Something about Ray Wise makes you think he's up to no good.
He's been cast as The Devil in the TV series The Reaper, and as a demon in Charmed. And, of course, he's still best known as Leland Palmer, who killed his daughter Laura (under the influence of a demon named Bob) in David Lynch's Twin Peaks.
So when the producers of a trippy, low-budget Canadian indie called Iodine needed a fishy character to espouse conspiracy theories and boggle the mind of a young man looking for his missing dad in the Northern Ontario bush, who better than Ray Wise?
Welcome back to the woods, Leland Palmer.
"It's probably my face, my eyes, the whole ball of wax," Wise says from his home in Glendale, Calif. "I just have that look that says I'm holding a dark secret. In fact my secrets are out in the open most of the time. My wife thinks I'm a little weird, but I'm just a normal guy.
"But I like to think about dark things, and when I can play a character like that, I take it."
Iodine -- which plays Toronto's new mecca for cinephiles, the independent Toronto Underground Cinema at 186 Spadina, June 18 and 23 -- was written, directed by and stars Mike Stasko as John Clem, a young man with mental health issues, and a job as a director of a self-help group. His life goes down the rabbit hole, however, when his distraught sister phones to tell him his father has gone missing at their family cottage.
Taking only enough of his meds for a one-day trip, he heads north to find out that his father is indeed gone. Down the shore he meets Avery (Wise), yet another professor, who lectures his classes at Columbia University via Skype from the cottage (nice gig, if you can get it).
Seems the two physicists had been doing thought experiments on the nature of matter and reality -- trippy stuff about living life as a shadow of some other dimensional existence, which feeds into John's paranoia as the meds begin wearing off.
"I'd been really getting into the idea of reality and quantum physics -- a lot of books, like (Michael Talbot's) The Holographic Universe and (Richard Morris') The Nature Of Reality. I was reading this stuff and becoming steeped in it, and all of a sudden I got this script and it was talking about those very same theories.
"I do a lot of independent movies these days. I just finished a couple of others, one called Crazy Eyes and another called The Butterfly Room. At this point in my life, money's almost never a requirement.
"So I read the script and saw Mike was going to star in it.
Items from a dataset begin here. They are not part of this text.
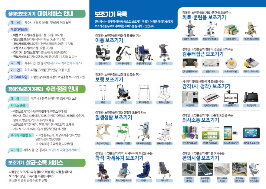 센터에서는 신체 능력에 따라 필요한 보조기기를 일상생활 및 학교, 직장 등에서 활용할 수 있도록 제주시 내 등록 장애인 및 65세 이상 노인에게 무료로 대여해드리고 있습니다.
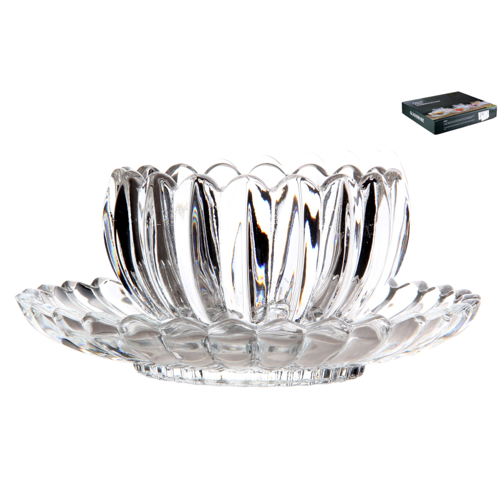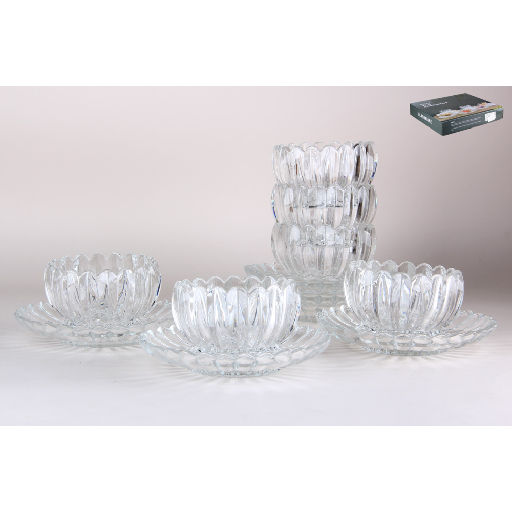 Нарядный комплект состоит из 6 ваз и 6 подстановочных блюдец. Толстое узорное стекло в любой день создает праздничное настроение.
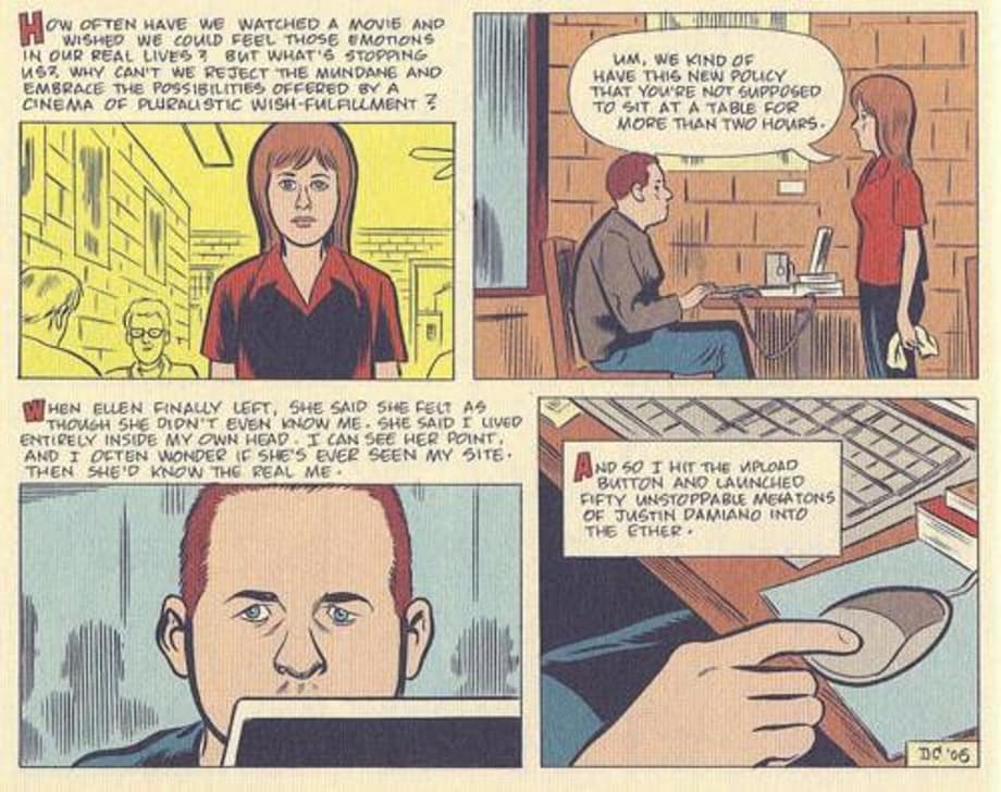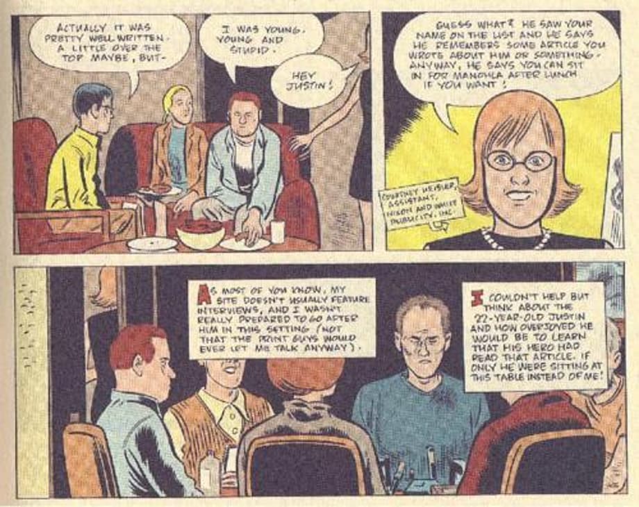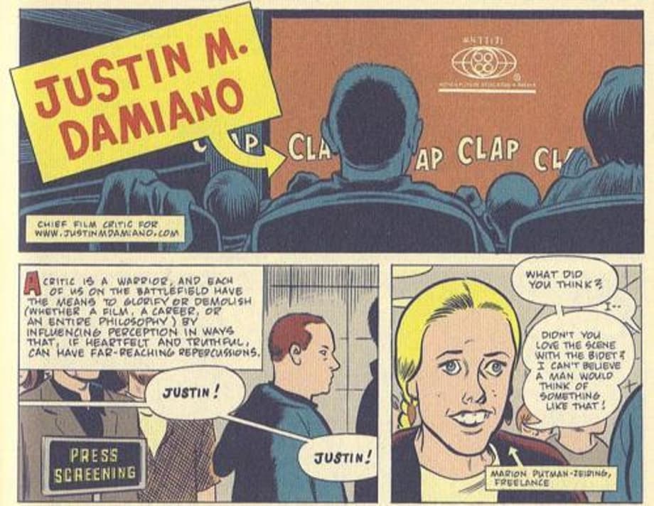 HowardCantour.com. It was a rather impressive film, focusing on the life of an online film critic (played by Jim Gaffigan). Though, there was one major issue with the short, it was lifted from a 2007 comic ("Justin M. Damiano") written and illustrated by Daniel Clowes. Keep in mind, Shia debuted

I knew nothing about him as an actor, but I certainly liked his script. And he sent me a CD with mood music to play while I read it, some classical pieces, some contemporary. I just like his whole vibe."
Next stop: Port Perry. "I flew to Toronto and we went up to Lake Harris, on this little island in this large cabin home belonging to the Stasko family. The cast and crew had three meals a day served by Mike's mother. I had the biggest bedroom in the house, and they gave me a fruit basket with the biggest bottle of scotch in it. They treated me like a king.
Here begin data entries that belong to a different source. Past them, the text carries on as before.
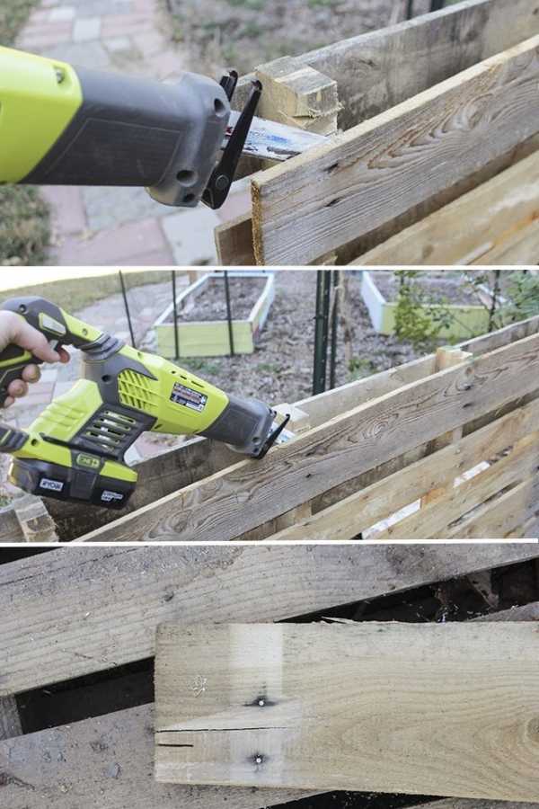 Для начала следует рассчитать нужное количество паллетов и заранее их заготовить. От каждого следует отпилить примерно треть. Разрез проводится перпендикулярно ножкам паллета.
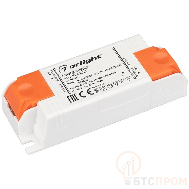 Источник тока с гальванической развязкой для светильников и мощных светодиодов. Входное напряжение 220-240 VAC. Выходные параметры: 45-60 В, 300 mА, 18 Вт. Встроенный PFC >0.92. Негерметичный пластиковый корпус IP 20. Габаритные размеры длина 96 мм, ширина 36 мм, высота 23 мм. Гарантийный срок 5 лет.
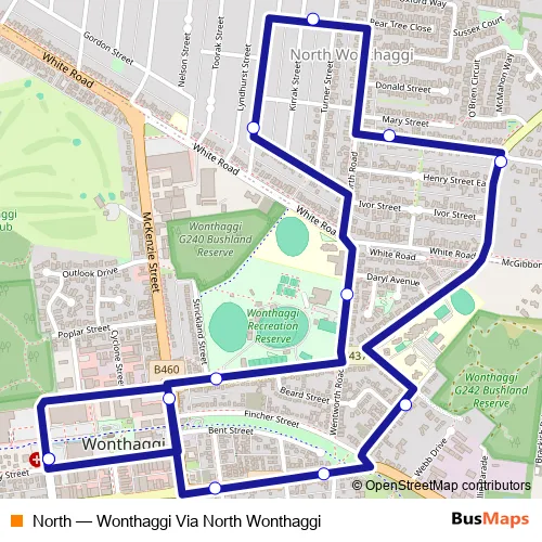 The first stop of the North bus route is Wonthaggi Bus Interchange/Biggs Dr and the last stop is Wonthaggi Bus Interchange/Biggs Dr. North (Wonthaggi Via North Wonthaggi) is operational during entre semana.

"It was rather like a summer camp experience. Up early, around seven, and getting out there with the sun until it got too dark to work. Then play some Texas Hold'em at night. I think they let me win, because I made some money at the table to augment my salary."
Still, as many indie films as he squeezes into his resume, Wise knows Twin Peaks will follow him to his grave.
"It seems to have been a hit in different parts of the world at different times. I've made movies in France, Spain, Romania, Bulgaria -- I was really surprised about Romania. But everybody in that country knew my face. Cars would stop and offer Leland Palmer rides."